「親に恥ずかしい思いをさせられた経験は、誰にでもあるものだ」エイブラハムがそう語った瞬間、セミナー会場は静かな苦笑で包まれた。
身近な存在だからこそ、その場の空気や周囲の視線に耐えられなかったりする。
今回の教えは、ネガティブな行動をとる人をどう理解するかーー。
これまでの思い込みを根底から変えるような教えに、心が大きく揺さぶられた。
その気づきは家族愛だけにとどまらず、人生のあらゆる人間関係に生かせる深い洞察へと広がっていく。
「いい人でない」父に困惑する息子
セミナーで質問をした若い男性は、父親の振る舞いに困惑していると言う。
「 父はいつも不機嫌で、周囲に重い空気を漂わせていて、いい人ではないんです。先日も一緒に行ったスーパーで不満をぶつける場面があり、僕はあとでレジの人に謝罪に行きました」ーーそれを誠意ある対応だと信じていたようだ。
エイブラハムは、そのことについてこんな指摘をした。
「それは内なる存在が感じていることよりも、他人がどう感じるかを優先した」ーーつまり「恥」から生まれた行動だと。
一見、他人への配慮や誠意に見える謝罪。しかし、エイブラハムの視点では、それは「恥ずかしさ」というネガティブな感情に留まり、自分自身のエネルギーを分裂させてしまう行為。
そしてこう続けた。
「内なる存在は父親のことを理解しており、彼が何を望んでいるかを知っている。だから決して恥ずかしいとは思っていない」
レジ係や世間の評価といった外部の目線を優先するとき、内なる存在との調和は乱れてしまうと言う。
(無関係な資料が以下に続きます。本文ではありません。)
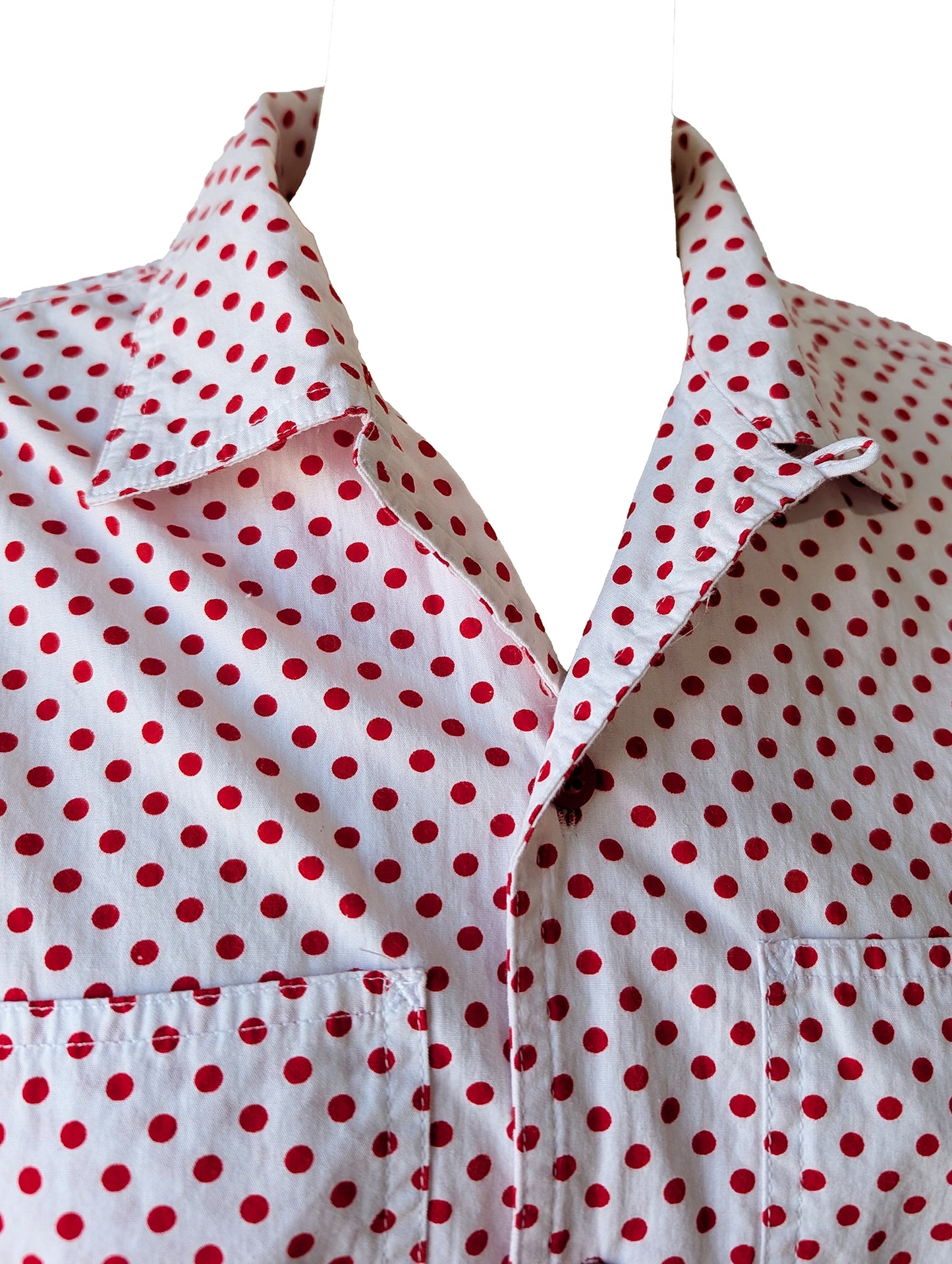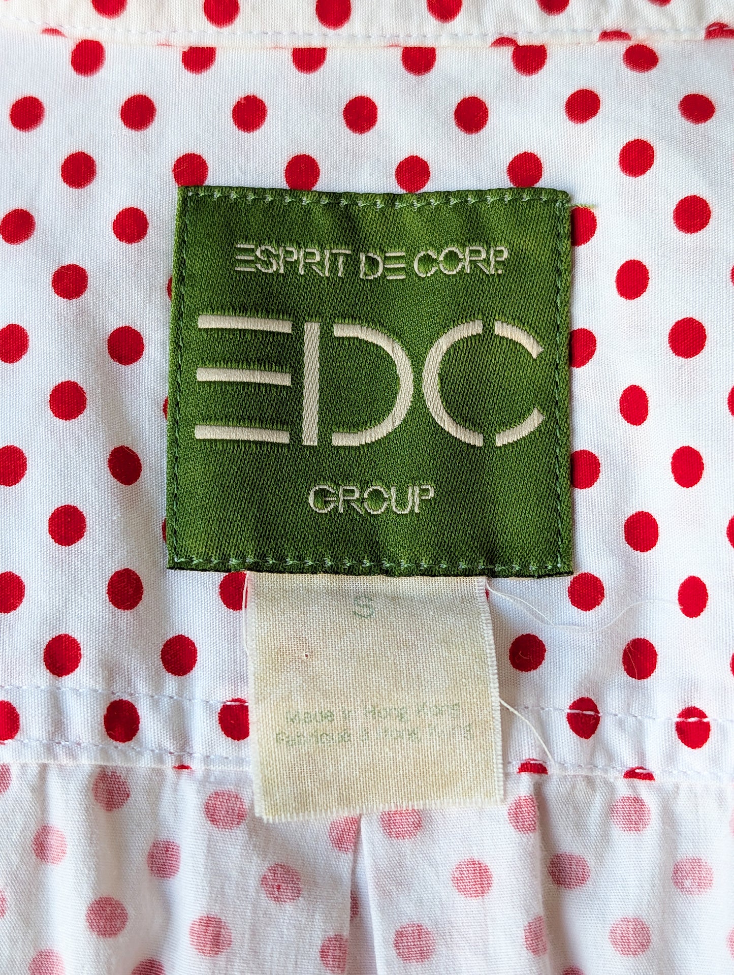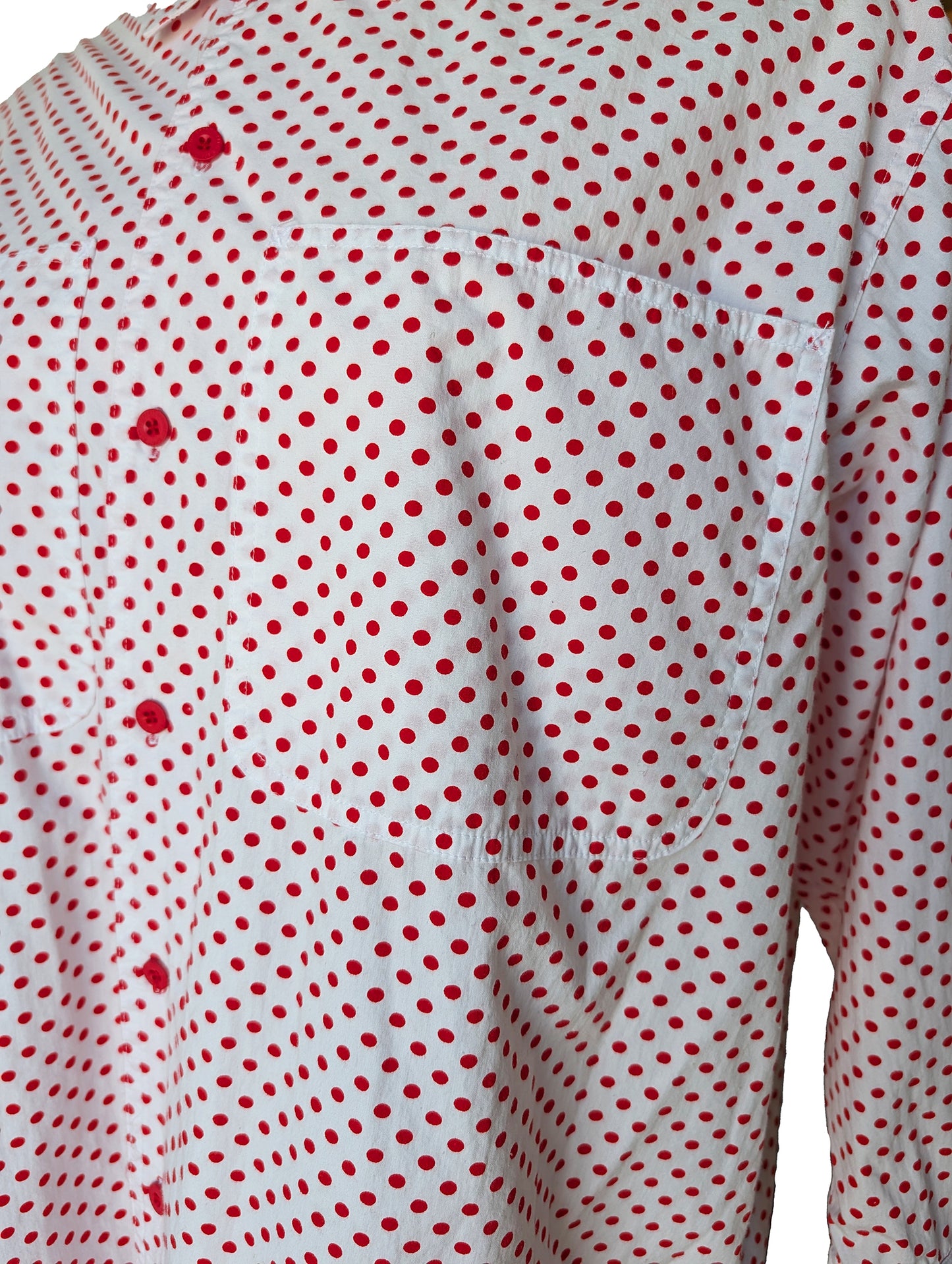 A spot of brilliance, literally. This crisp cotton Esprit button-down features a perfectly scattered red polka dot print and all the right 90s touches: slightly boxy cut, double chest pockets, and branded buttons that match the print. Light, breathable, and full of personality. Shirt is in excellent condition and is free of notable flaws.
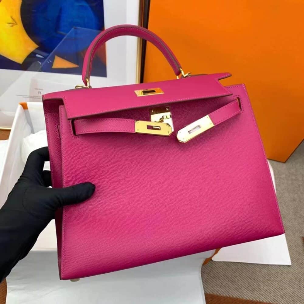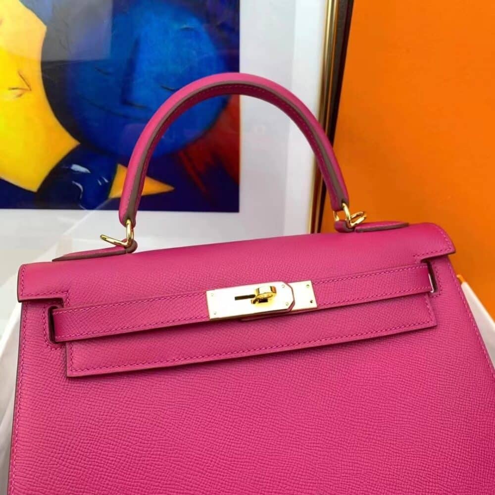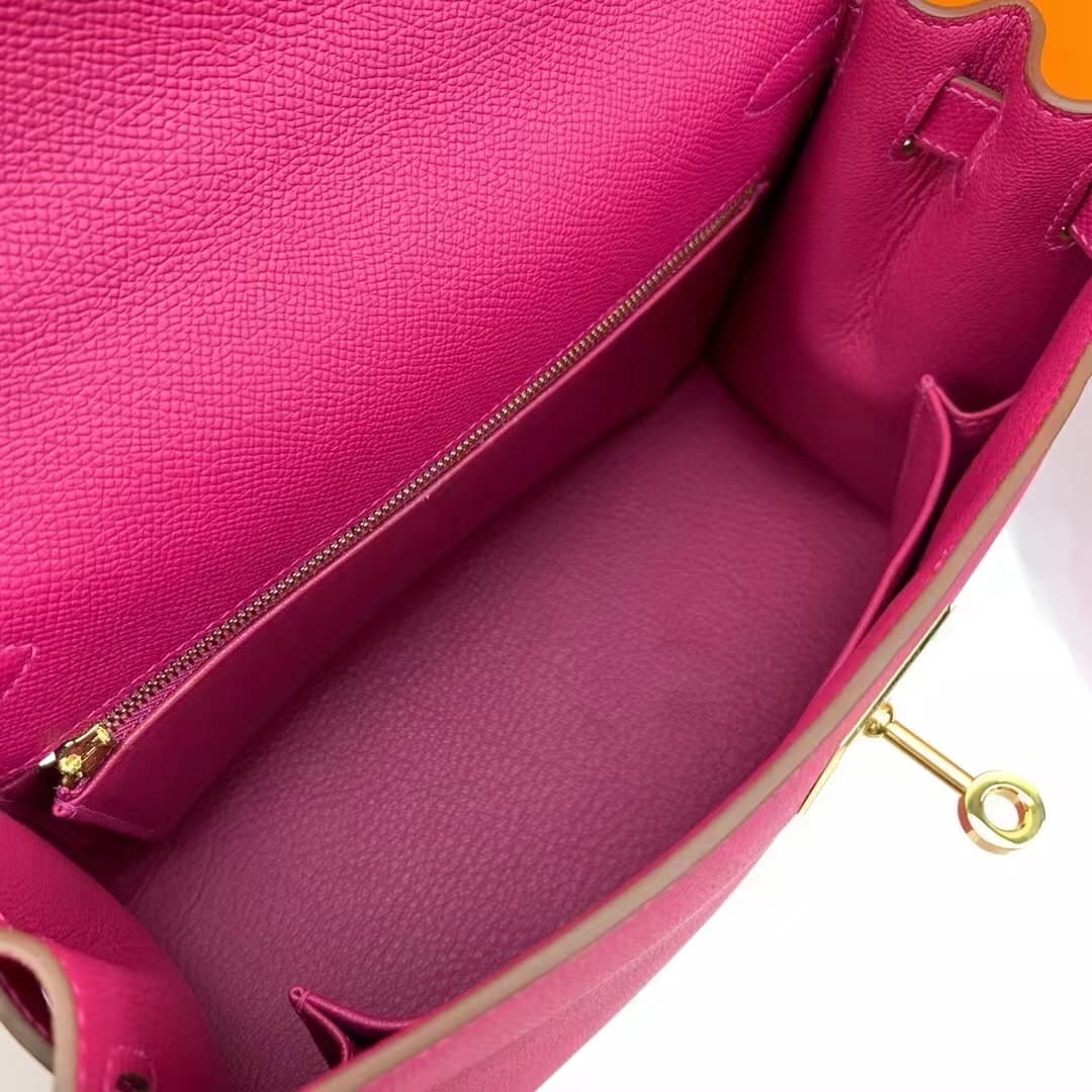 Hermes Kelly 25 Epsom Pourpre Dark Pink Gold Hardware / 25cm / 9.8 inches

それは、自分の本質から離れ、他人の基準に合わせて生きることになるーーエイブラハムは、その微細なズレが心の平安を奪うと教えていた。

苦しみの正体は?エイブラハムが示した衝撃の比喩
エイブラハムは、この父親の行動の奥に潜む見えない苦しみを説明するために、思わず息をのむような比喩を提示したーー。
「もし車に轢かれて通りで血を流している人を見たら、レジ係や誰もがその人を助けに行くだろう」
「しかし、横柄な態度を取る人を見たとき、あなたたちは助けたいとは思わない」
つまり、物理的に出血している人も、横柄な態度を取る人も、本質的には同じように苦しんでいるのだと語った。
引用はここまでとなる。